▶ Exercise inputs:
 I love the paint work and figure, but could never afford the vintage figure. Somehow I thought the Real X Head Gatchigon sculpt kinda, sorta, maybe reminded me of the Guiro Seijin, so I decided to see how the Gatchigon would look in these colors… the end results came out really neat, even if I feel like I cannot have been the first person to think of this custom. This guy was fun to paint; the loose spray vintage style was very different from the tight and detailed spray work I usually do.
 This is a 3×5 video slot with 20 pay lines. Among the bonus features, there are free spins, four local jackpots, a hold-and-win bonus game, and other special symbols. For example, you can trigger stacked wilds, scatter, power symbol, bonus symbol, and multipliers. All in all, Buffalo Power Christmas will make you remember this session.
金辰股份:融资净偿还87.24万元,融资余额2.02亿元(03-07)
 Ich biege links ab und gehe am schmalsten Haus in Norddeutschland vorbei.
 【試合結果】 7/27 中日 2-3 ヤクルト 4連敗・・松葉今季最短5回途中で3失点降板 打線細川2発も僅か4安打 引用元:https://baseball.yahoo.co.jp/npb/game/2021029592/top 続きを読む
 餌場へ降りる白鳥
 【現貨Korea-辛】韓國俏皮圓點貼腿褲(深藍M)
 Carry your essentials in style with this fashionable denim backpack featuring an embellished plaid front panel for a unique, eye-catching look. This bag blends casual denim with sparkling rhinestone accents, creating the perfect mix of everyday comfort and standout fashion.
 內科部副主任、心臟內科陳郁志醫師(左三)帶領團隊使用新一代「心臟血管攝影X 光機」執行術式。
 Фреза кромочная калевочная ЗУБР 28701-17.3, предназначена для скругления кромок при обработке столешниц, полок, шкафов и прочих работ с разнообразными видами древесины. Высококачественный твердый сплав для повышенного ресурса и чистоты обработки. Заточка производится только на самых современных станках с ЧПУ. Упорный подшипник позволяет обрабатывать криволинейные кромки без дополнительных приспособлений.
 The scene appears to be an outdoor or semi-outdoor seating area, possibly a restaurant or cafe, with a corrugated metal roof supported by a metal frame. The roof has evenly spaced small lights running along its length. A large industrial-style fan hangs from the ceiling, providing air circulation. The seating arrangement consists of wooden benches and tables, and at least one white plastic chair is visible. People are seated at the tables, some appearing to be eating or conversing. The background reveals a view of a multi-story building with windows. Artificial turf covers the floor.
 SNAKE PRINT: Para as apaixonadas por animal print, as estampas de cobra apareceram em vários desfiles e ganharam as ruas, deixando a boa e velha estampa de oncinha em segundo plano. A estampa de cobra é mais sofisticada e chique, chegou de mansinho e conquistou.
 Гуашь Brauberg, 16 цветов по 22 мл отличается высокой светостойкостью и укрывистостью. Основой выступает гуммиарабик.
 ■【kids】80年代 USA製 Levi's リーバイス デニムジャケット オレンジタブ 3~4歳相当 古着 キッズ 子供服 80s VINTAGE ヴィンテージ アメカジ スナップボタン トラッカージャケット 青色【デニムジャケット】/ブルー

▶ Description of the task:
Starting at the line above that contains "7/27 中日 2-3", repeat each line exactly up to and including the line that contains "內科部副主任、心臟內科陳郁志", and stop there.

▶ Result of this task:
 【試合結果】 7/27 中日 2-3 ヤクルト 4連敗・・松葉今季最短5回途中で3失点降板 打線細川2発も僅か4安打 引用元:https://baseball.yahoo.co.jp/npb/game/2021029592/top 続きを読む
 餌場へ降りる白鳥
 【現貨Korea-辛】韓國俏皮圓點貼腿褲(深藍M)
 Carry your essentials in style with this fashionable denim backpack featuring an embellished plaid front panel for a unique, eye-catching look. This bag blends casual denim with sparkling rhinestone accents, creating the perfect mix of everyday comfort and standout fashion.
 內科部副主任、心臟內科陳郁志醫師(左三)帶領團隊使用新一代「心臟血管攝影X 光機」執行術式。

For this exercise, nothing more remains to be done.